Segment Open
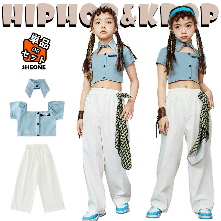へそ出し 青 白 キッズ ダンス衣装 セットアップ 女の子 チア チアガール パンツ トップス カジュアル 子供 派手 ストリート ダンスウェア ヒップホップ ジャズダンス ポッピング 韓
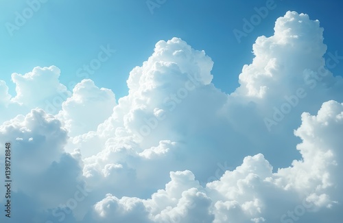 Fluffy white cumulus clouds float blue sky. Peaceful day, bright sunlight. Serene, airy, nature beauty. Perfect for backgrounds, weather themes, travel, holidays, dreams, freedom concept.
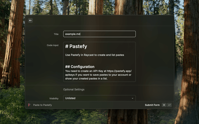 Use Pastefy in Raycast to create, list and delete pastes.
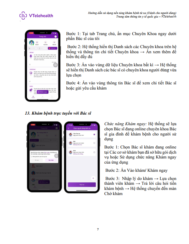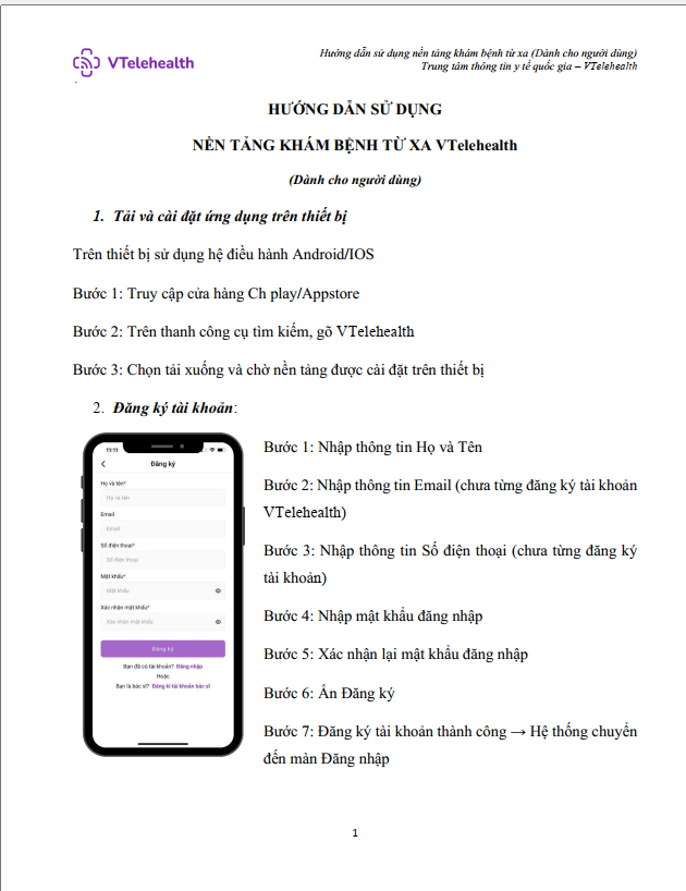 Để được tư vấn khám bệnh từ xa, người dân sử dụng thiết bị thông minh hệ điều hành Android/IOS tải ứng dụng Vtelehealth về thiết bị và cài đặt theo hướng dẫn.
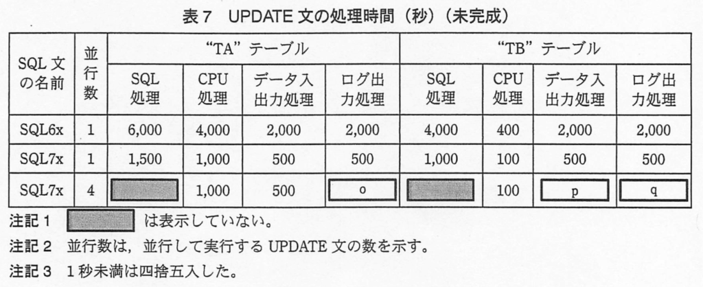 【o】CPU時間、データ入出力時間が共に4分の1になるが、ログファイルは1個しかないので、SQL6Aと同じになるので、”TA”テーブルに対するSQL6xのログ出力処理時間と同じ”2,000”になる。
Segment Closed
Each of the entries above must be output exactly, with none of the pictures.

へそ出し 青 白 キッズ ダンス衣装 セットアップ 女の子 チア チアガール パンツ トップス カジュアル 子供 派手 ストリート ダンスウェア ヒップホップ ジャズダンス ポッピング 韓
 Fluffy white cumulus clouds float blue sky. Peaceful day, bright sunlight. Serene, airy, nature beauty. Perfect for backgrounds, weather themes, travel, holidays, dreams, freedom concept.
 Use Pastefy in Raycast to create, list and delete pastes.
 Để được tư vấn khám bệnh từ xa, người dân sử dụng thiết bị thông minh hệ điều hành Android/IOS tải ứng dụng Vtelehealth về thiết bị và cài đặt theo hướng dẫn.
 【o】CPU時間、データ入出力時間が共に4分の1になるが、ログファイルは1個しかないので、SQL6Aと同じになるので、”TA”テーブルに対するSQL6xのログ出力処理時間と同じ”2,000”になる。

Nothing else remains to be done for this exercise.